Indian RISC-V Chip Is Team’s Third Successful Chip

There was a time when creating a new IC was a very expensive proposition. While it still isn’t pocket change, custom chips are within reach of sophisticated experimenters and groups. As evidence, look at the Moushik CPU from the SHAKTI group. This is the group’s third successful tapeout and is an open source RISC-V system on chip.

The chip uses a 180 nm process and has 103 I/O pins. The CPU runs around 100 MHz and the system includes an SDRAM controller, analog to digital conversion, and the usual peripherals. The roughly 25 square mm die houses almost 650 thousand gates.

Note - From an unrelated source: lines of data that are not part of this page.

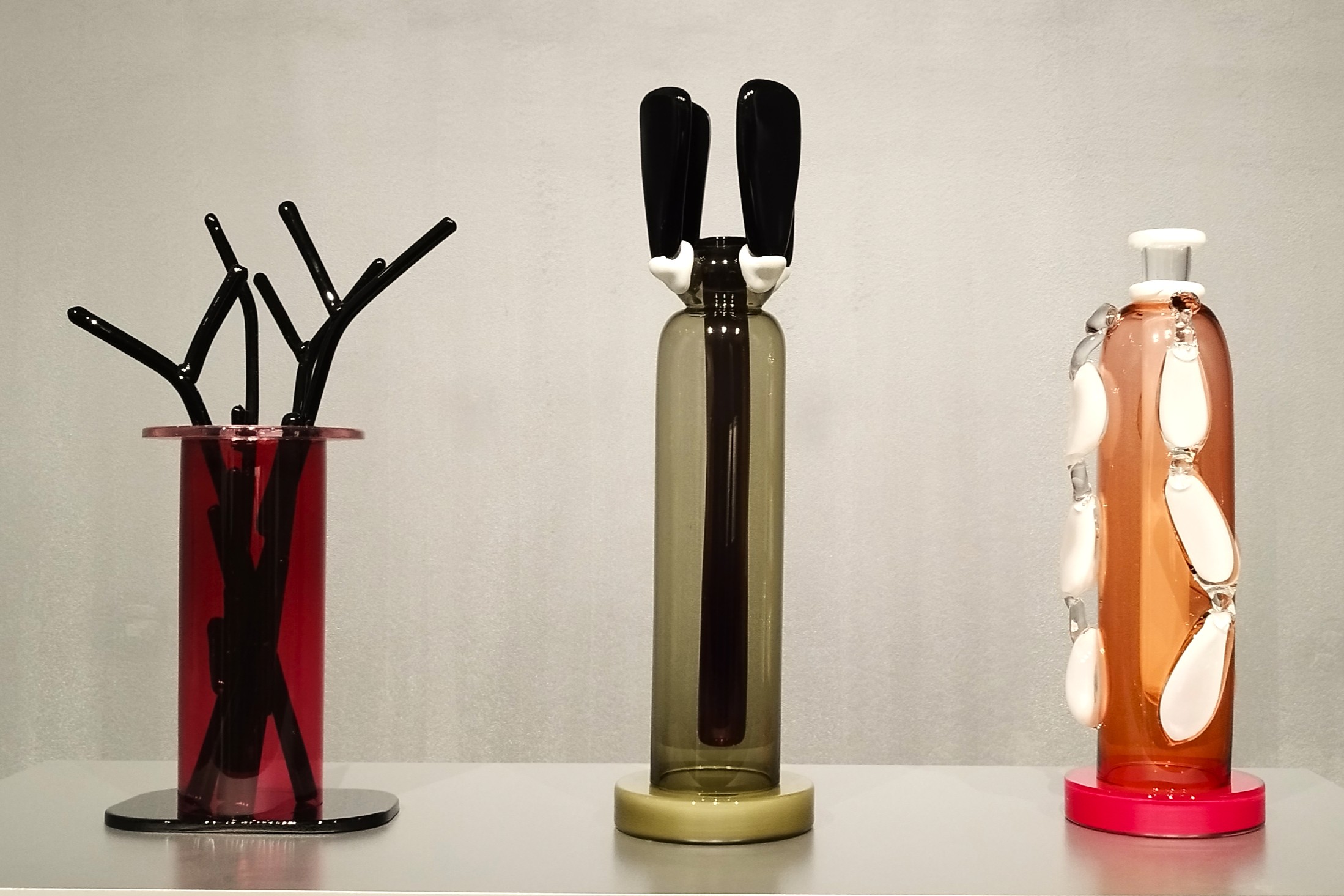 L’esposizione attraversa le molte anime del vetro celebrando il dialogo tra arte, design e sperimentazione tecnica: da Ettore Sottsass con i suoi Lingam e Kachina, ai vasi visionari di Betty Woodman, la serie dei Concepts di Bob Wilson, L’unghia di Giuseppe Penone, il suggestivo Planetarium di Jana Sterbak, la serie Torno Subito di Pierre Charpin, gli Occhi-seme di Mathilde Rosier, dall’estetica kitsch di Richard Di Rosa al poetico Petit Ange rouge de Marseille di James Lee Byars.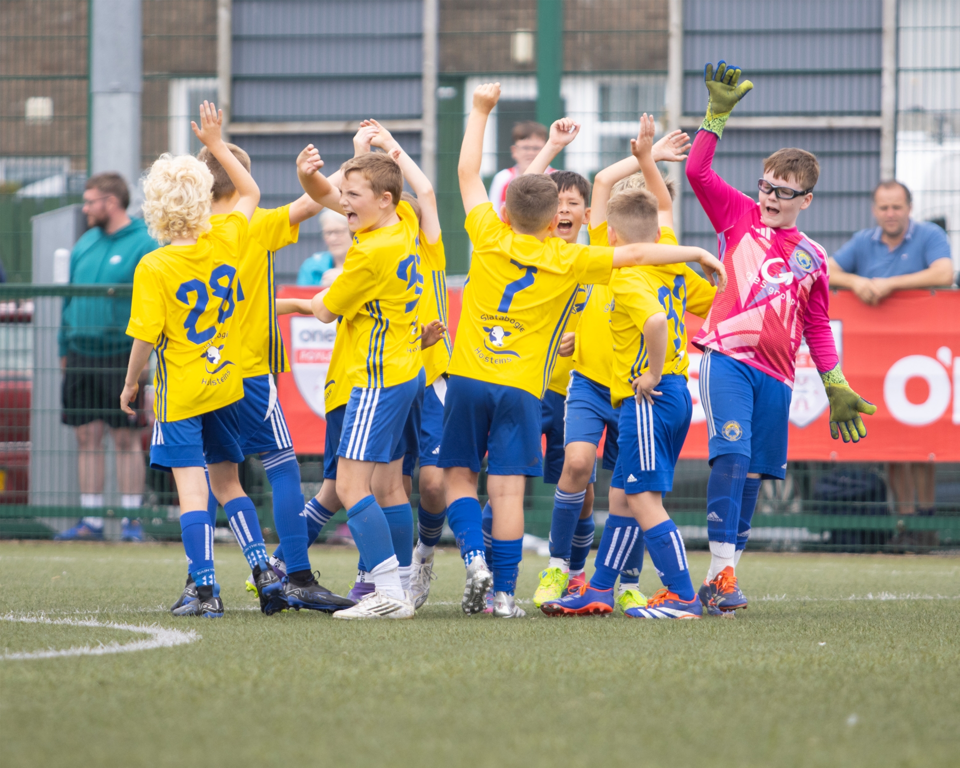A spirited team huddle as Moyola Park AFC gear up for their Foyle Cup Under 10’s group clash with Sion Swifts FC.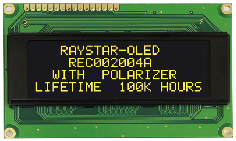 symbolic OLED display, 2 lines of 20 characters, dimensions 116.0х37.0, yellow glow, character size 3,2х5,55

This is the same group that built a home-grown chip based on RISC-V in 2018 and is associated with the Indian Institute of Technology Madras. We aren’t clear if everything you’d need to duplicate the design is in the git repository, but since the project is open source, we presume it is.

If you think about it, radios went from highly-specialized equipment to a near-disposable consumer item. So did calculators and computers. Developing with FPGAs is cheaper and easier every year. At this rate it’s not unreasonable to think It won’t be long before creating a custom chip will be as simple as ordering a PCB — something else that used to be a big hairy deal.

Of course, we see FPGA-based RISC-V often enough. While we admire [Sam Zeloof’s] work, we don’t think he’s packing 650k gates into that size. Not yet, anyway.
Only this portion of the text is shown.